> Goal of the exercise
If a record holds a picture, omit that picture and copy everything else exactly.

> Source data
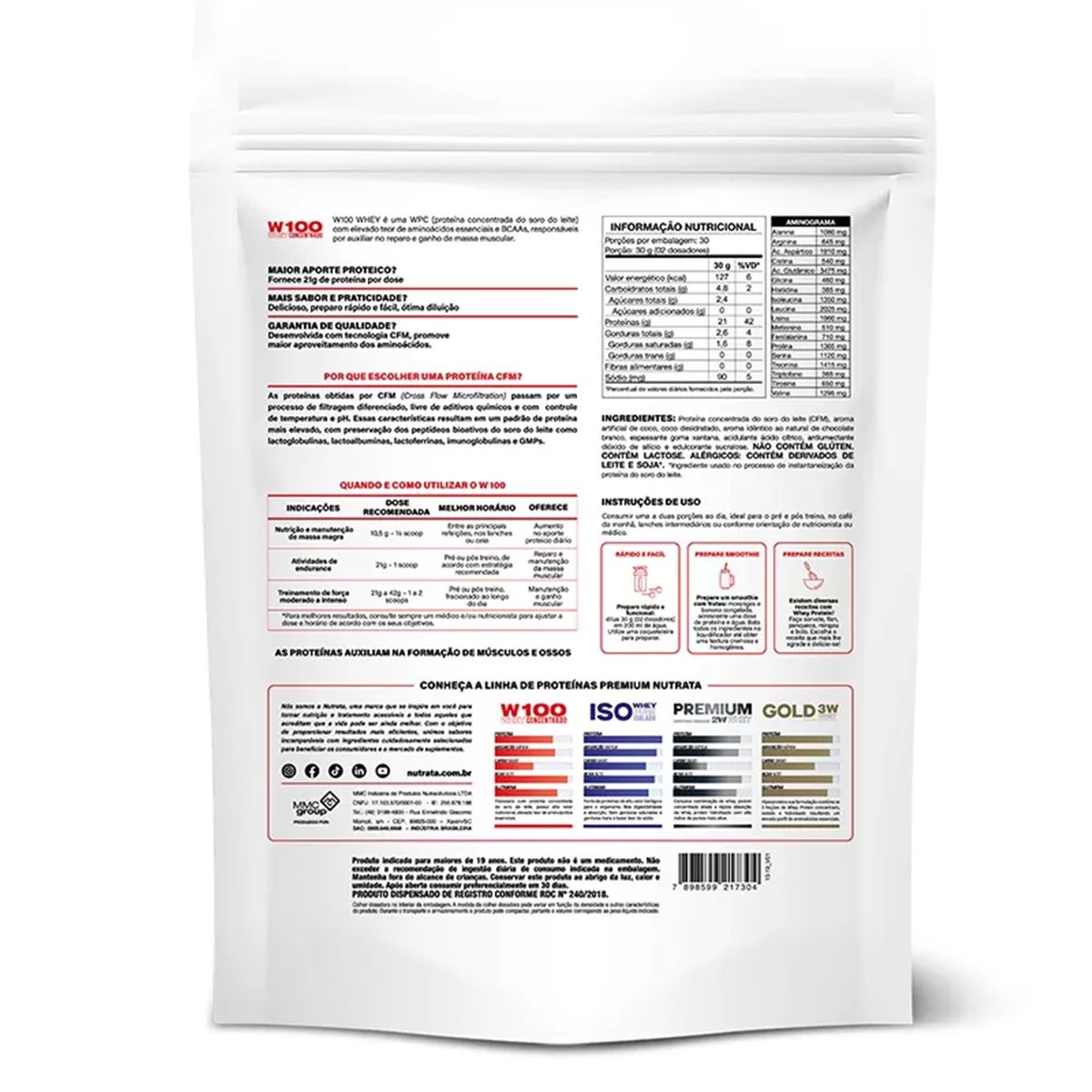 Além disso, o W100 possui alto valor nutricional e elevado teor de aminoácidos essenciais com destaque para os de cadeia ramificada. Por isso, auxilia na manutenção e ganho de massa muscular.
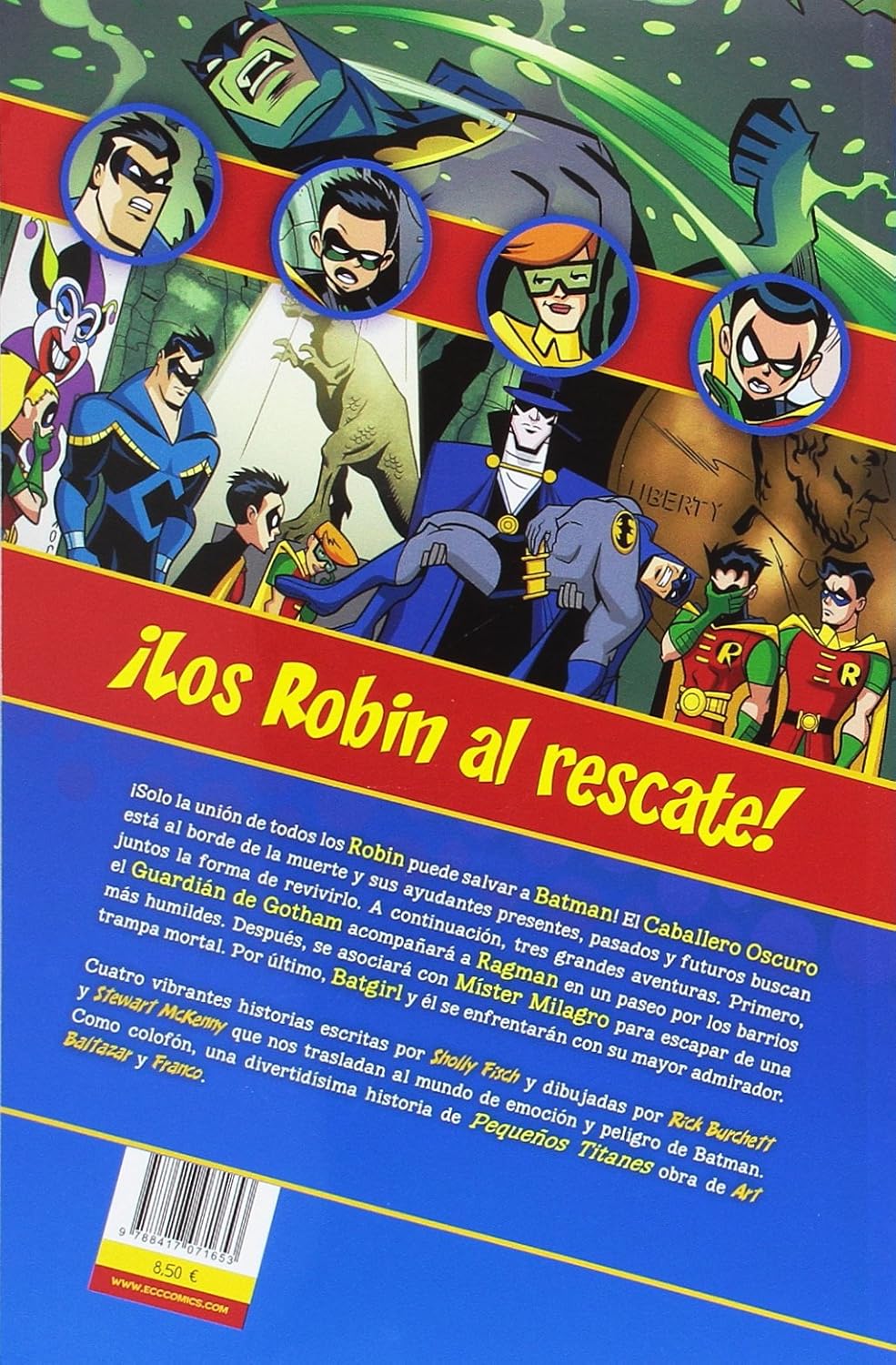 ¡Лос Робин аль спасается! ¡Объединение всех Робинов может спасти Бэтмена! Эль Кабальеро Оскуро - это граница смерти и их помощников в подарках, пасадос и будущих бусканских юнтос в форме возрождения. Продолжение, три великих приключения. Первый раз Страж Готэма сопровождал Рэгмена на улице, ведущей в большие районы. После того, как вы связались с мистером Милагро, чтобы сбежать от смертного бродяги. В конце концов, Бэтгерл и она были очарованы своим поклонником мэра. Несколько ярких исторических историй, написанных Шолли Фиш, и размышлений Рика Берчетта и Стюарта Маккенни, которые перешли в мир эмоций и любви к Бэтмену. Как цвет, интересная история Pequeños Titanes об искусстве Бальтазара и Франко.
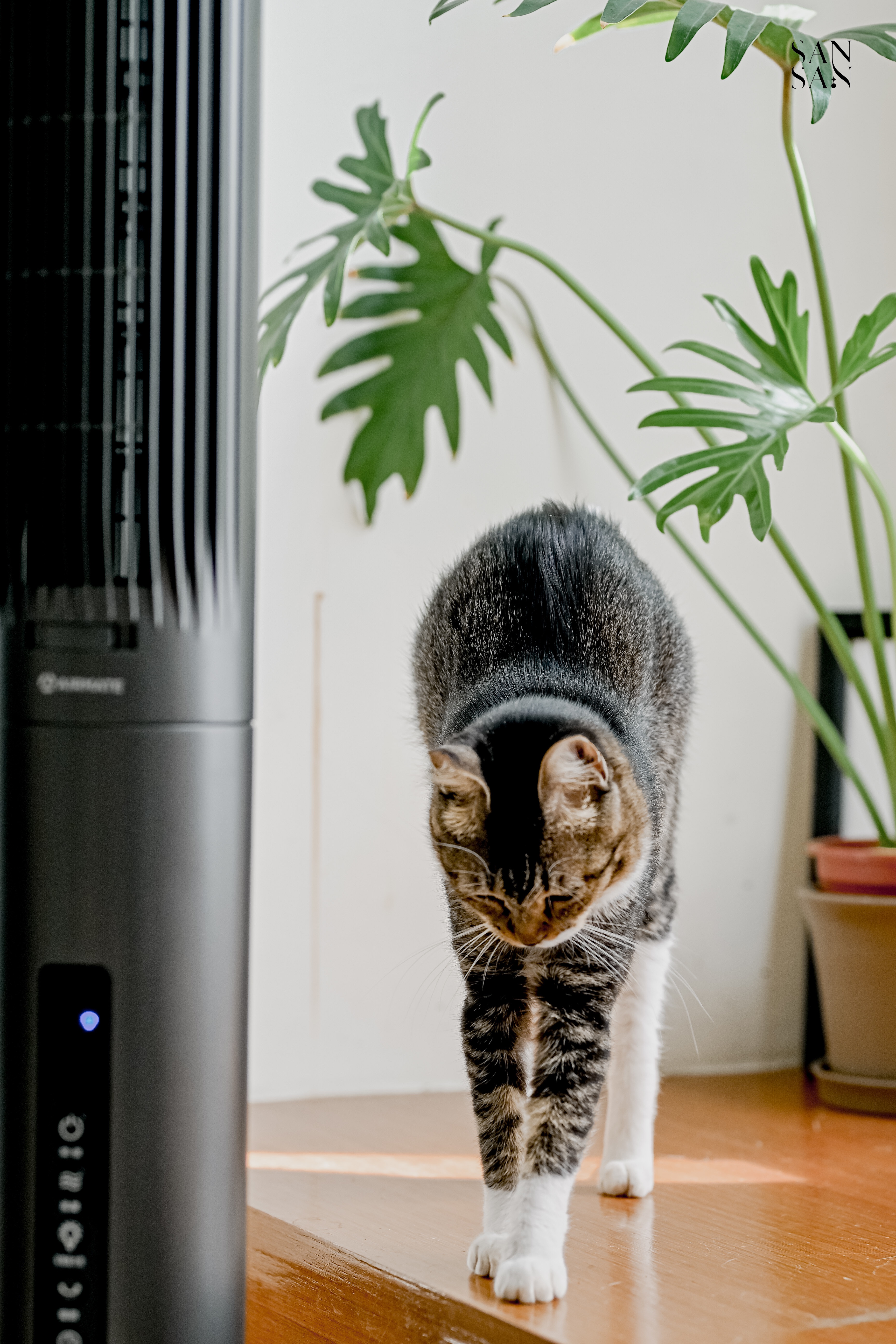 「台灣大哥大智慧家庭APP」自訂化功能,讓sansan外出時,只要一鍵開啟自訂的「寵物獨自在家模式」,一旦溫濕度感應器偵測到室內溫度過高,貓咪可能找不到涼爽的地方可以躲的時候,就會自動開啟SAMPO智慧冷氣或艾美特風扇,將環境降溫,保持毛小孩在家的舒適度!
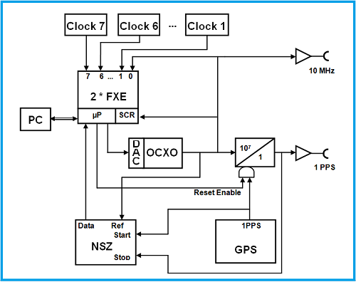 接收的时间信号由基于OCXO(或铷振荡器)的附加控制电路稳定。以这种方式,可以产生频率参考输出信号,该信号对于短期和长期测量来说非常稳定。
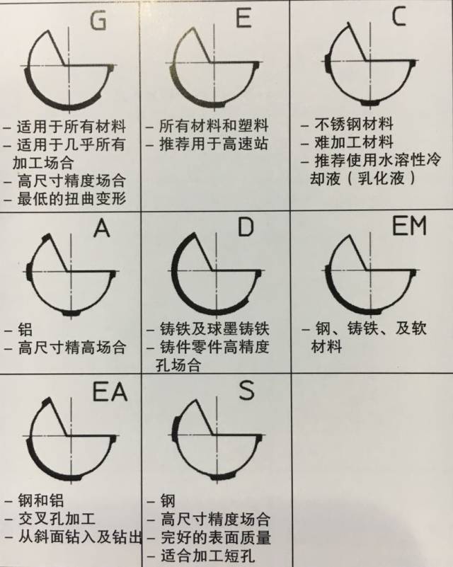 減小槍鉆內、外刃角度,即槍鉆內外刃磨的更平一些,對加工斷屑有很大的 幫助。另外,切削線速度的提高,對斷屑效果也很明顯。加工不易斷屑材料 時,槍鉆端刃可以參考如下角度:
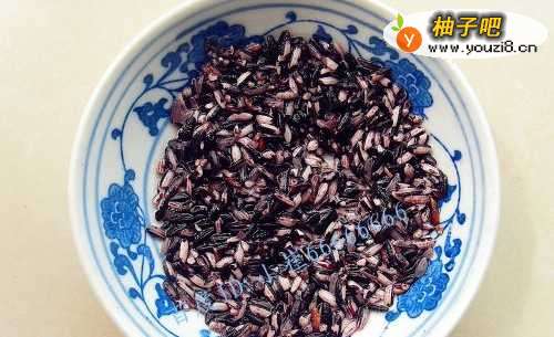 3紫米要挑选粒粒饱满的比较好,将准备好的紫米清洗干净。
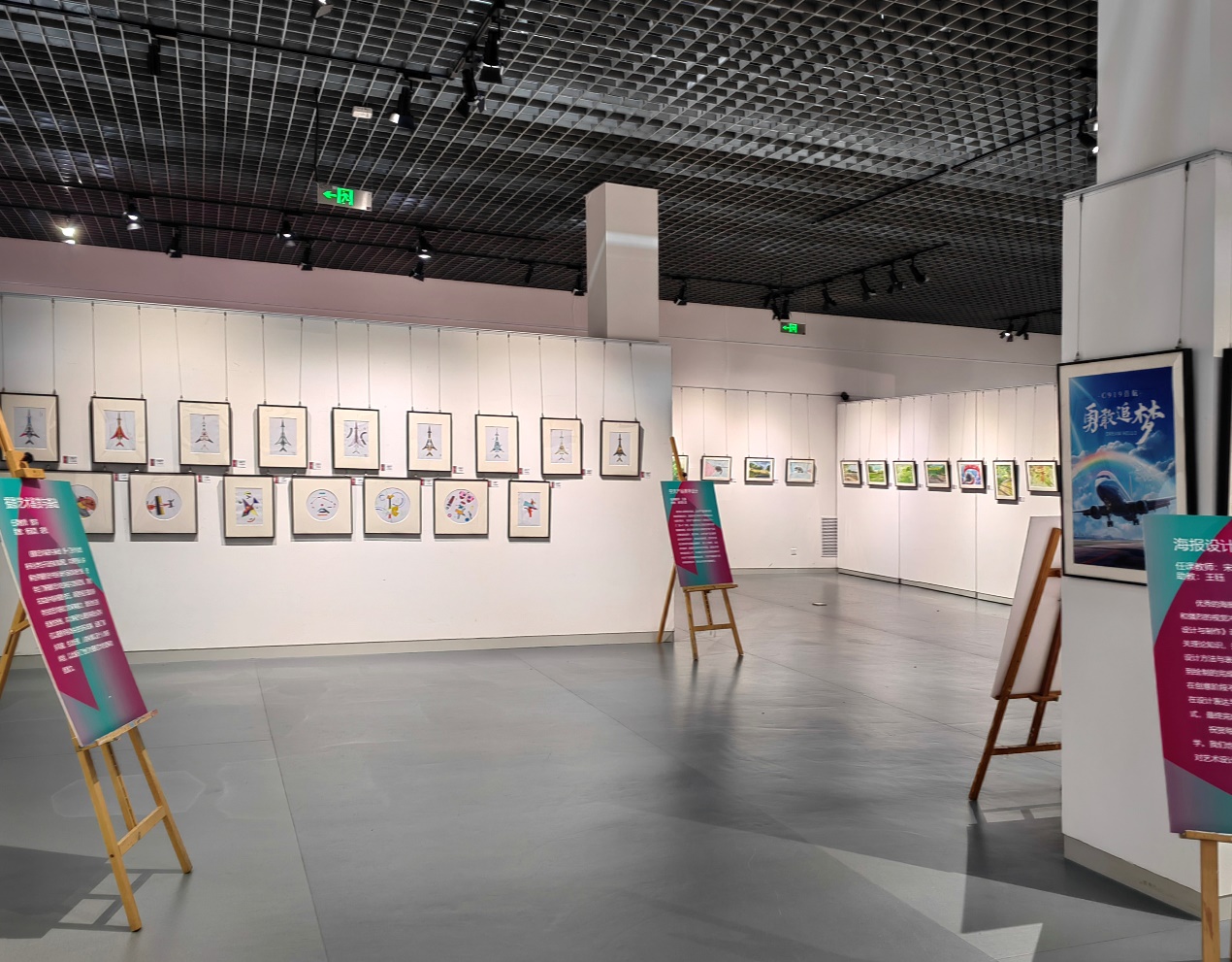 本次聯(lián)展以“星夢(mèng)高遠(yuǎn),美潤(rùn)啟航”為主題,包括《海報(bào)設(shè)計(jì)與制作》《攝影藝術(shù)鑒賞與基礎(chǔ)》《透視與空間》《電影鑒賞與分析》《中國(guó)美術(shù)史》《轉(zhuǎn)描動(dòng)畫技法》《西方美術(shù)與觀念》《空天產(chǎn)品美學(xué)設(shè)計(jì)》《水彩畫技法》等課程,包含繪畫、海報(bào)、影像等類型作品,集中展示了二百余名學(xué)生的創(chuàng)作作品。
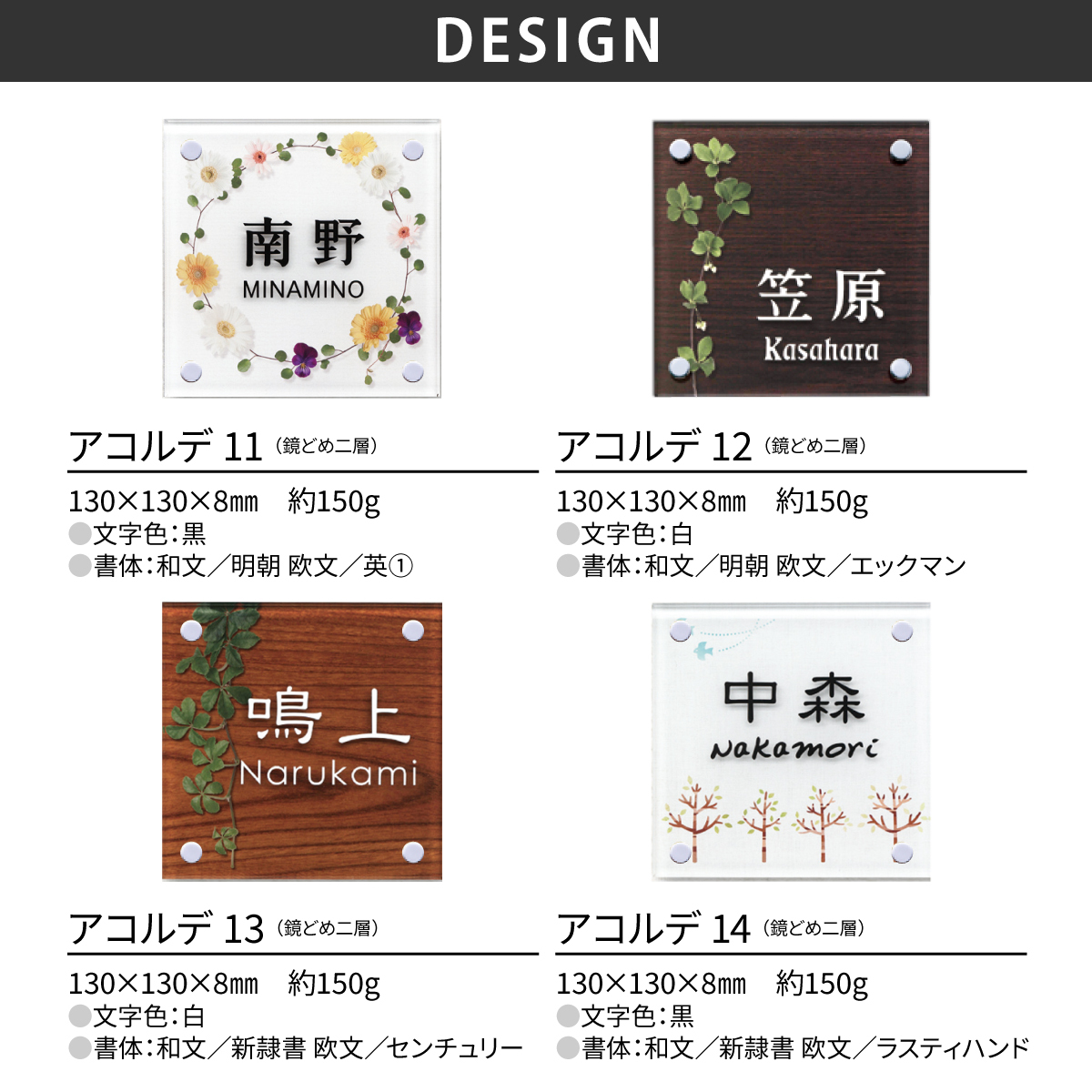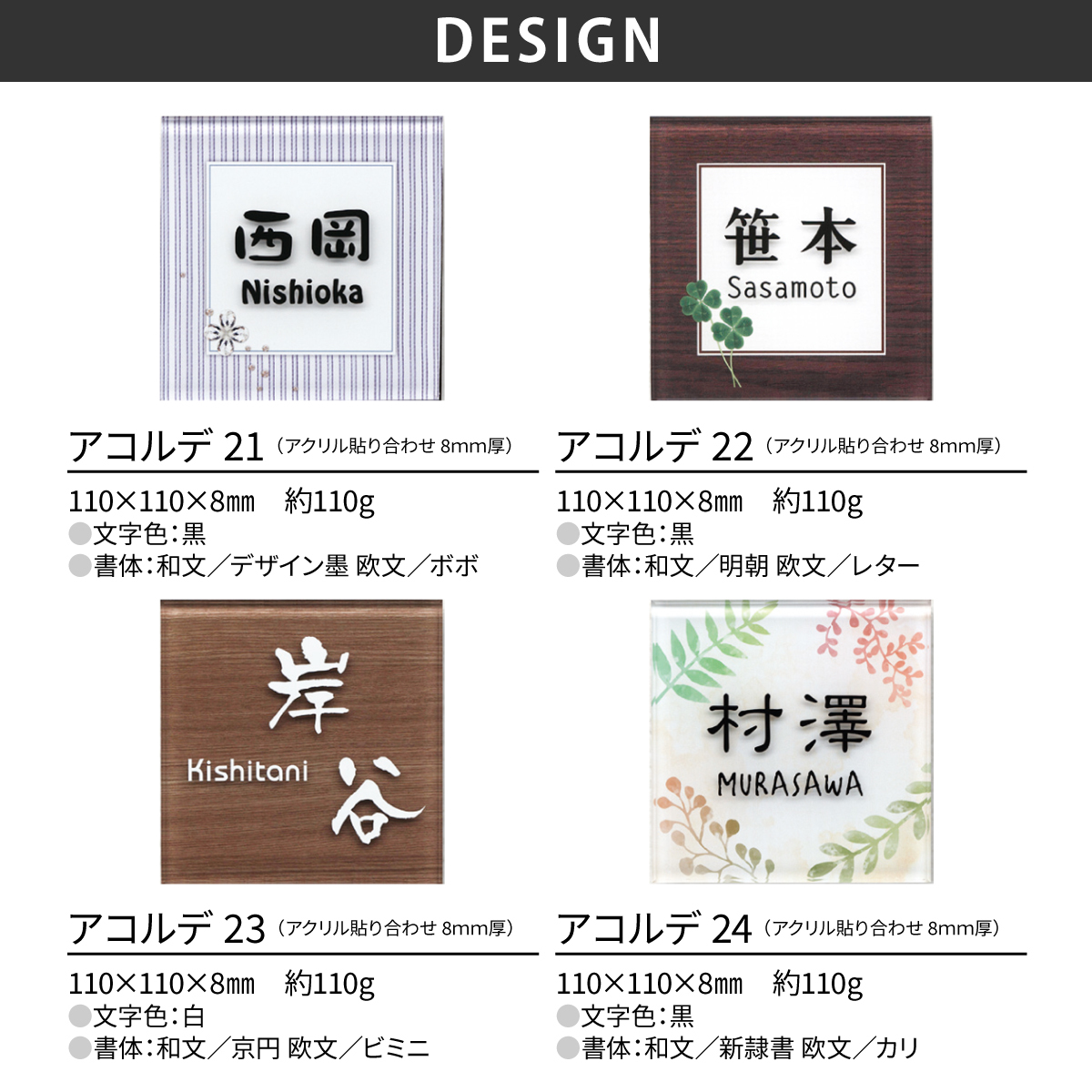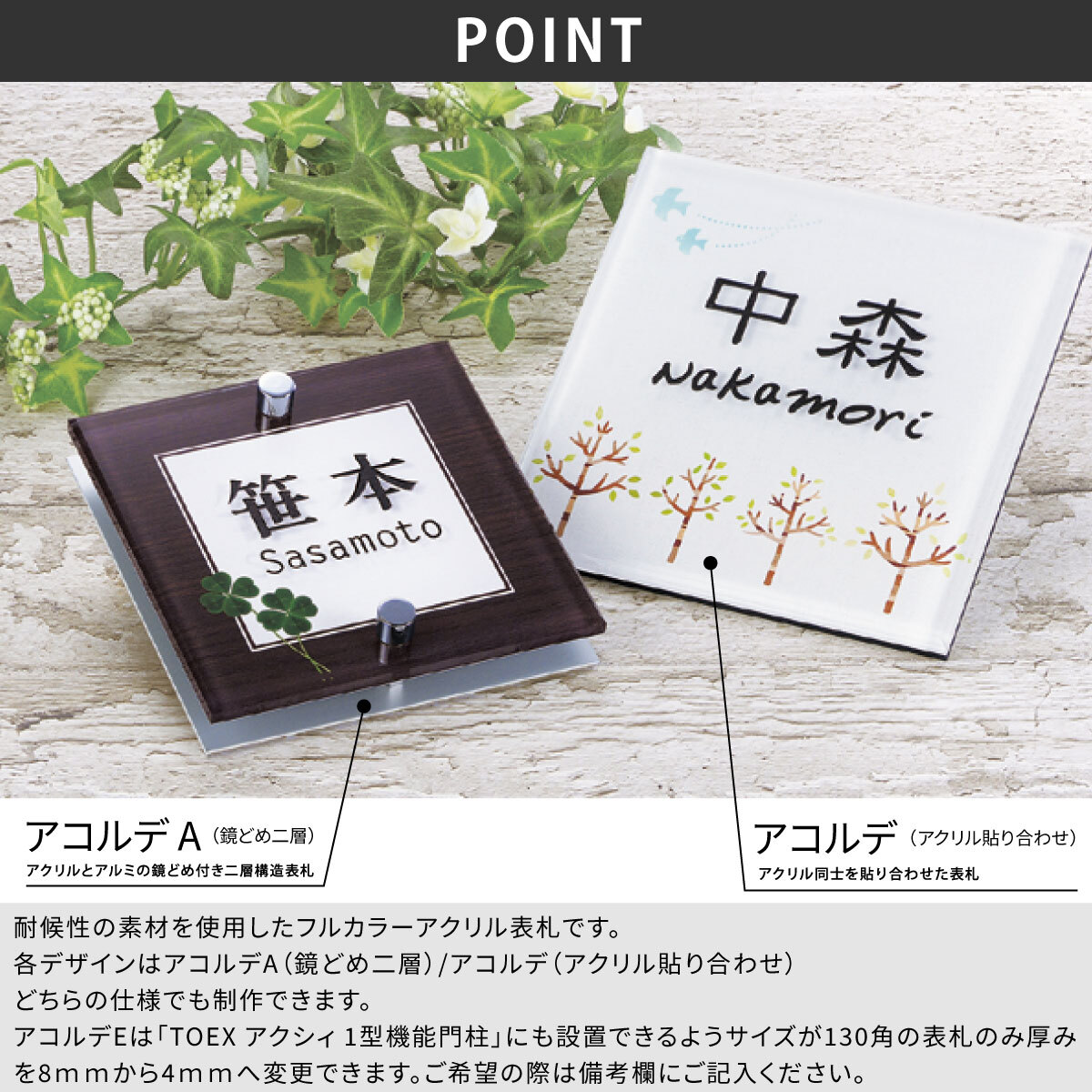 | 商品詳細 | 耐候性の素材を使用したフルカラーアクリル表札です。 他の表札では味わえない色とりどりの表情を、戸建て・マンション・機能柱など様々な場所で演出できます。 タイプは「アクリル張り合わせ8mm厚」と「鏡どめ二層24mm厚」がございます。 |

> Response to this exercise
 Além disso, o W100 possui alto valor nutricional e elevado teor de aminoácidos essenciais com destaque para os de cadeia ramificada. Por isso, auxilia na manutenção e ganho de massa muscular.
 ¡Лос Робин аль спасается! ¡Объединение всех Робинов может спасти Бэтмена! Эль Кабальеро Оскуро - это граница смерти и их помощников в подарках, пасадос и будущих бусканских юнтос в форме возрождения. Продолжение, три великих приключения. Первый раз Страж Готэма сопровождал Рэгмена на улице, ведущей в большие районы. После того, как вы связались с мистером Милагро, чтобы сбежать от смертного бродяги. В конце концов, Бэтгерл и она были очарованы своим поклонником мэра. Несколько ярких исторических историй, написанных Шолли Фиш, и размышлений Рика Берчетта и Стюарта Маккенни, которые перешли в мир эмоций и любви к Бэтмену. Как цвет, интересная история Pequeños Titanes об искусстве Бальтазара и Франко.
 「台灣大哥大智慧家庭APP」自訂化功能,讓sansan外出時,只要一鍵開啟自訂的「寵物獨自在家模式」,一旦溫濕度感應器偵測到室內溫度過高,貓咪可能找不到涼爽的地方可以躲的時候,就會自動開啟SAMPO智慧冷氣或艾美特風扇,將環境降溫,保持毛小孩在家的舒適度!
 接收的时间信号由基于OCXO(或铷振荡器)的附加控制电路稳定。以这种方式,可以产生频率参考输出信号,该信号对于短期和长期测量来说非常稳定。
 減小槍鉆內、外刃角度,即槍鉆內外刃磨的更平一些,對加工斷屑有很大的 幫助。另外,切削線速度的提高,對斷屑效果也很明顯。加工不易斷屑材料 時,槍鉆端刃可以參考如下角度:
 3紫米要挑选粒粒饱满的比较好,将准备好的紫米清洗干净。
 本次聯(lián)展以“星夢(mèng)高遠(yuǎn),美潤(rùn)啟航”為主題,包括《海報(bào)設(shè)計(jì)與制作》《攝影藝術(shù)鑒賞與基礎(chǔ)》《透視與空間》《電影鑒賞與分析》《中國(guó)美術(shù)史》《轉(zhuǎn)描動(dòng)畫技法》《西方美術(shù)與觀念》《空天產(chǎn)品美學(xué)設(shè)計(jì)》《水彩畫技法》等課程,包含繪畫、海報(bào)、影像等類型作品,集中展示了二百余名學(xué)生的創(chuàng)作作品。
 | 商品詳細 | 耐候性の素材を使用したフルカラーアクリル表札です。 他の表札では味わえない色とりどりの表情を、戸建て・マンション・機能柱など様々な場所で演出できます。 タイプは「アクリル張り合わせ8mm厚」と「鏡どめ二層24mm厚」がございます。 |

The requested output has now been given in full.